Era sábado 2 de julio de 1994. En la madrugada, un tipo asesinó de seis balazos a Andrés Escobar. Pocas horas más tarde, las distintas autoridades dieron su veredicto. “Un hecho circunstancial”, declaró el general Octavio Vargas Silva, director de la Policía Nacional. “Un hecho lamentable”, dijo monseñor Pedro Rubiano Sáenz, presidente de la Conferencia Episcopal Colombiana. “Un hecho aislado”, comentaron las autoridades. Circunstancial, lamentable y aislado, esos fueron los adjetivos para el crimen. Porque era “circunstancial” que un hombre se despertara de su sueño a las tres y media de la mañana, viera a su jefe discutiendo con un desconocido, éste le pareciera peligroso y decidiera dispararle seis balazos. Lamentable… Porque era “lamentable” que esto ocurriera, como ocurría todos los días del año en toda Colombia. (Ese día, en Medellín hubo 40 muertes violentas). Y aislado… Porque era un caso “aislado”, dentro de la cultura de violencia que se vivía, que cualquiera anduviera con un revólver marca Llama calibre 38 largo por la  ciudad.

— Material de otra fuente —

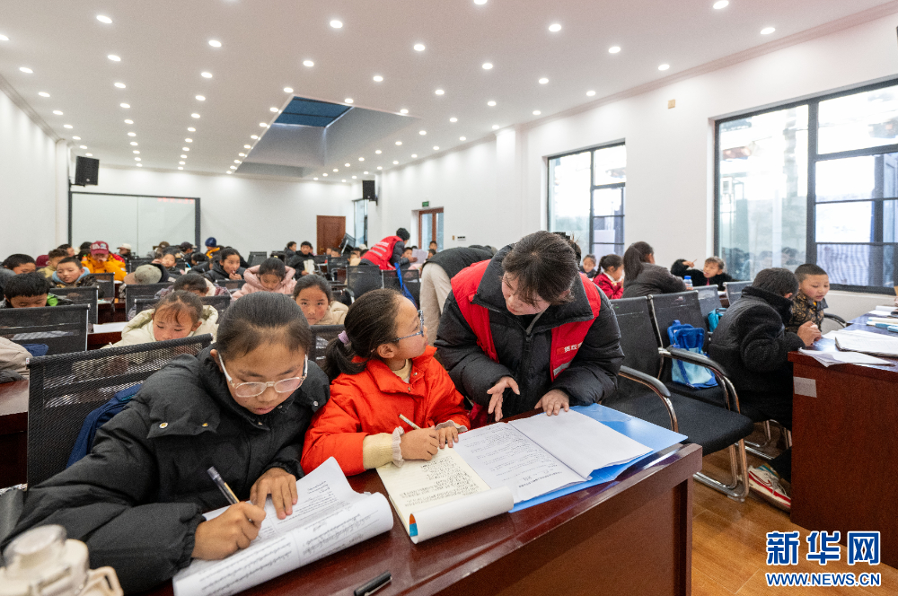 1月16日,社區(qū)工作人員在輔導(dǎo)作業(yè)。新華網(wǎng) 旦增努布 攝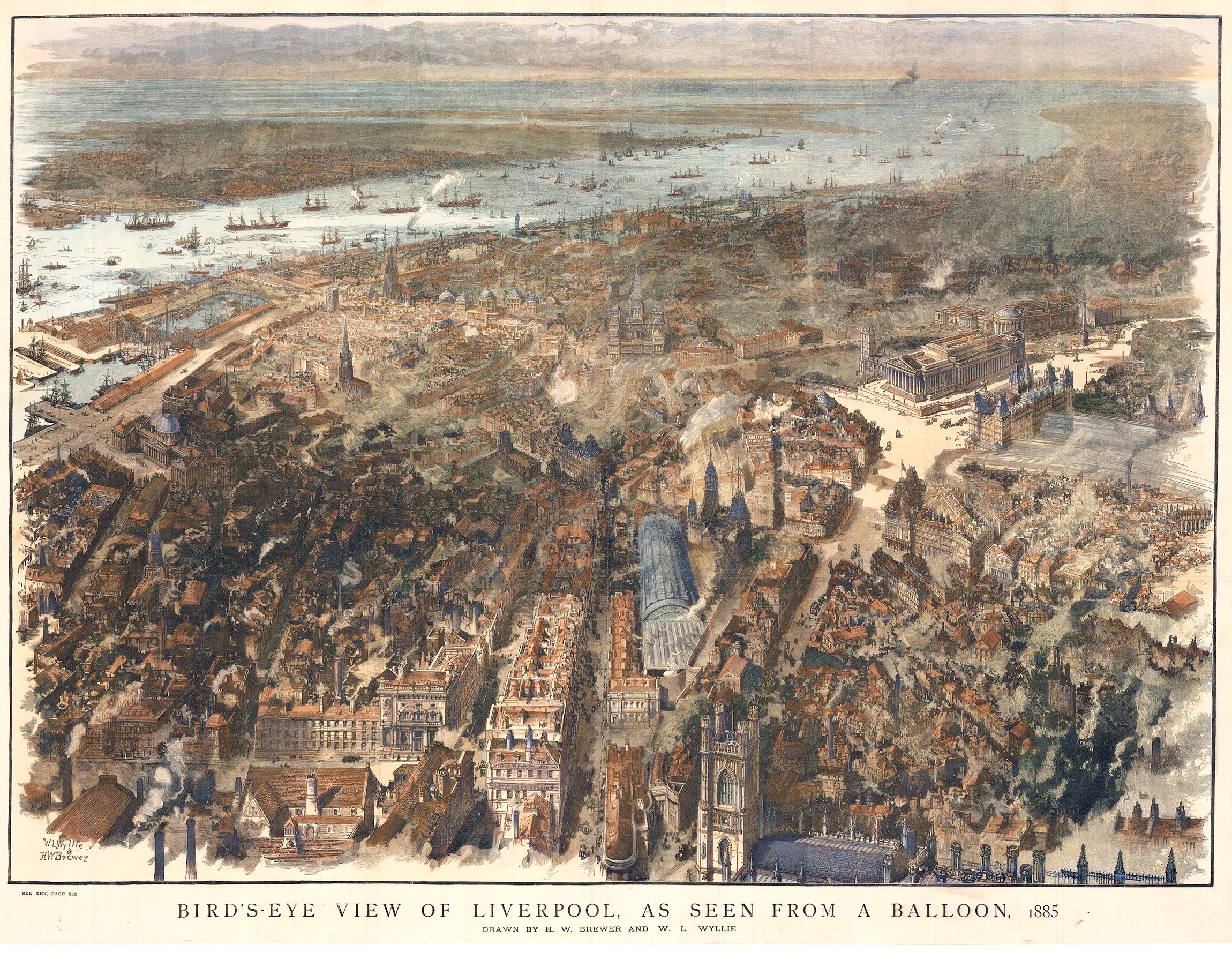 birds-eye view of Liverpool from a balloon, 1885
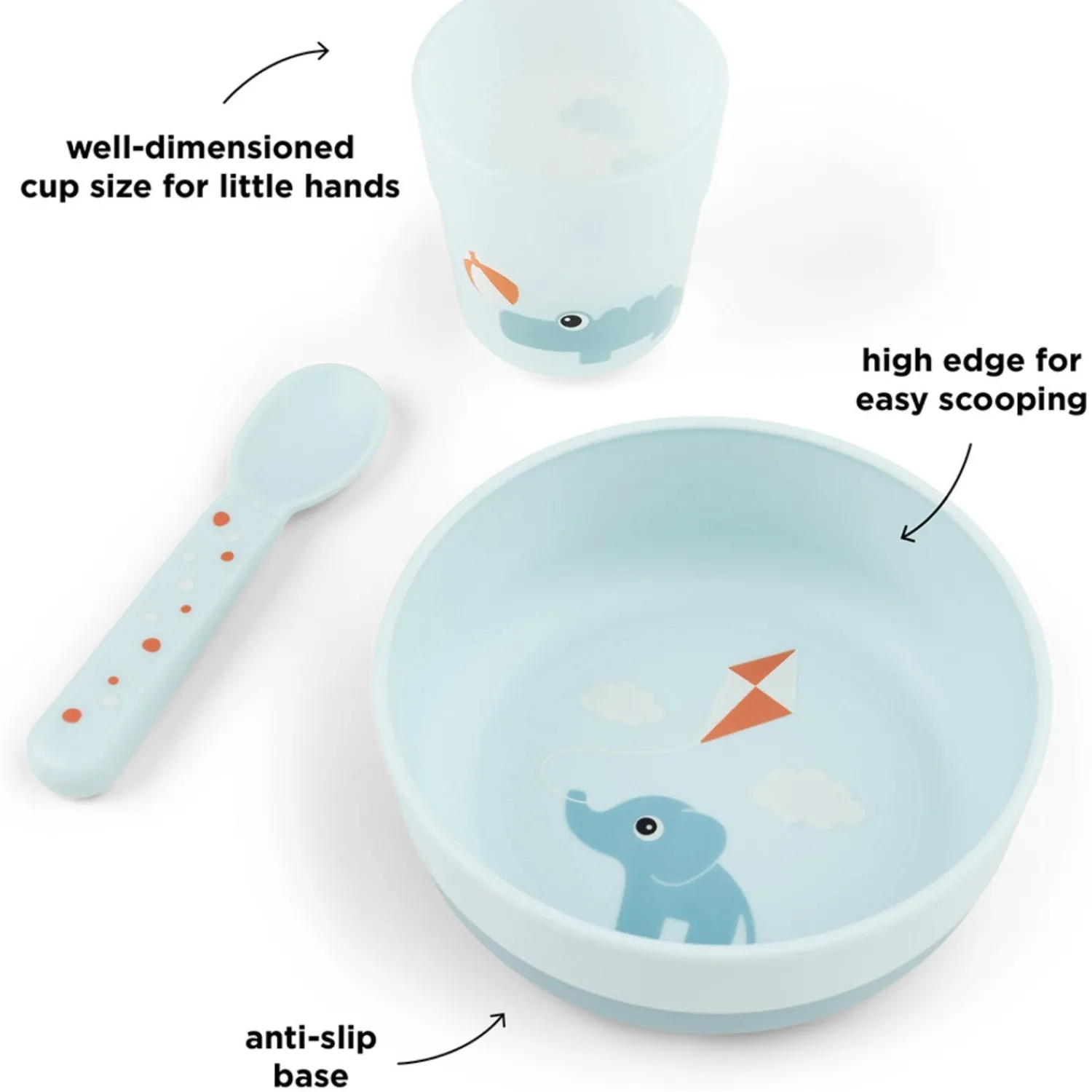 Skålen er designet med en skridsikker bund, så den forbliver stabil på bordet under måltidet. Praktisk mikroovnssikkerhed og nem rengøring i opvaskemaskinen gør dette sæt både bekvemt og sikkert at bruge – fri for BPA eller ftalater. Det ideelle valg til de første selvstændige måltider!
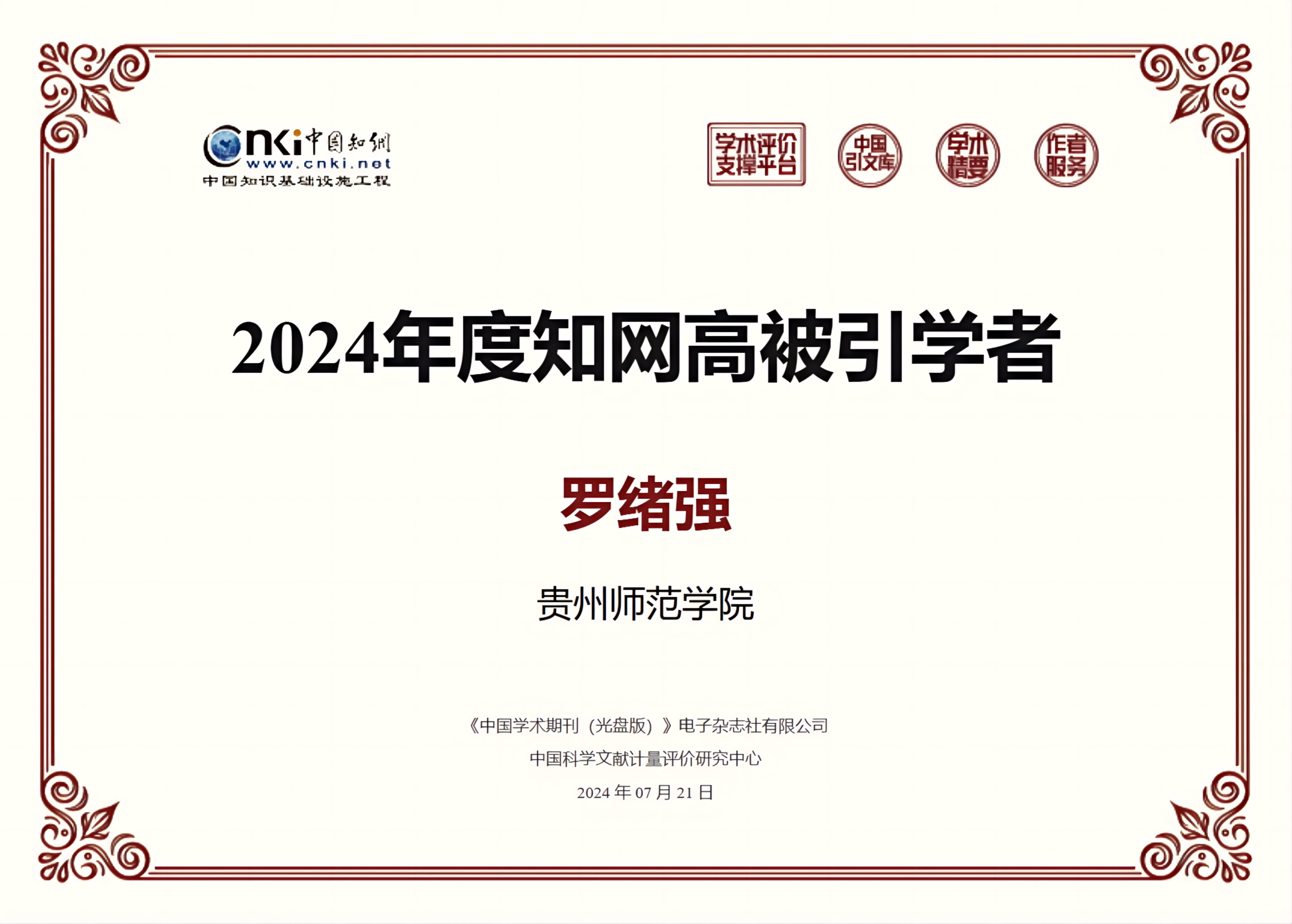 近日,中国知网发布了2024年度高被引学者名单。贝博官网三级教授罗绪强成功入选。据悉,此次评选由中国知网“学术精要”数据库依据2013-2023年间学者发表论文的影响力指数进行评选,“高被引学者”遴选范围为近十年发表至少一篇PCSI指数高于1.65期刊或会议论文的学者,且近十年发表期刊会议论文的PCSI指数之和位于上述学者的前1%,并满足以下条件:(1)仅统计PCSI指数大于1.65的论文;(2)至少发表1篇高影响力论文;(3)至少发表5篇PCSI指数大于1.65的论文。
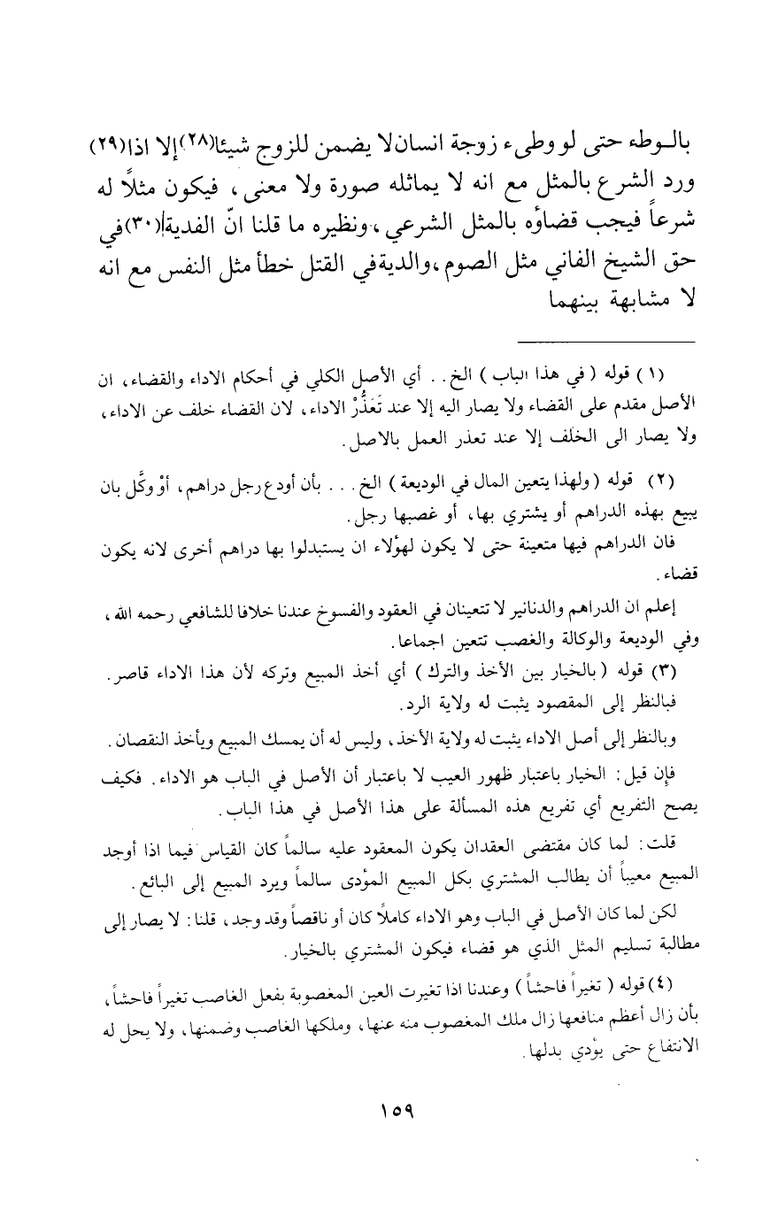 بِالْوَطْءِ حَتَّى لَو وطئ زَوْجَة إِنْسَان لَا يضمن للزَّوْج شَيْئا إِلَّا إِذا ورد الشَّرْع بِالْمثلِ مَعَ أَنه لَا يماثله صُورَة وَمعنى فَيكون مثلا لَهُ شرعا فَيجب قَضَاؤُهُ بِالْمثلِ الشَّرْعِيّ وَنَظِيره مَا قُلْنَا أَن الْفِدْيَة فِي حق الشَّيْخ الفاني مثل الصَّوْم وَالدية فِي الْقَتْل خطأ مثل النَّفس مَعَ أَنه لَا مشابهة بَينهمَا

Según ese “hecho aislado o circunstancial”, Humberto Muñoz Castro, el homicida, era el único ser humano con revólver en Medellín ese día; por eso fue tan casual el crimen. También fue casual o circunstancial que Humberto Muñoz Castro hubiera trabajado años atrás para José Guillermo Gallón Henao (recluido en la cárcel Modelo desde 1993, acusado de narcotráfico y lavado de dólares) y que el día del crimen estuviera a órdenes del hermano de éste, Santiago Gallón Henao. Ese hecho, también circunstancial o aislado, hizo que, circunstancialmente, estuviera armado en la madrugada del 2 de julio.

Está dicho ya. A Andrés Escobar, defensa central de la Selección Colombia de Fútbol y del club Atlético Nacional, lo asesinaron en Medellín, en el parqueadero del restaurante El Indio, durante la madrugada del 2 de julio de 1994. Seis balazos, provenientes de un revólver marca Llama, calibre 38 largo, fueron hallados en su cuerpo. El asesino, según las autoridades, Humberto Muñoz Castro, conductor de una camioneta Toyota de propiedad de Santiago Gallón Henao, confesó su culpa el 6 de julio, después de haber dado distintas versiones. “Fue que me secuestraron durante siete horas unos sicarios que utilizaron la camioneta que yo manejaba para matar a Escobar”, dijo cuando lo arrestaron. “Pensé que de pronto era un tipo muy peligroso o algo así. Entonces me asusté y le disparé. Pero no sabía que era él (Andrés Escobar)”, declaró luego, ya recluido en la cárcel Modelo de Bogotá. 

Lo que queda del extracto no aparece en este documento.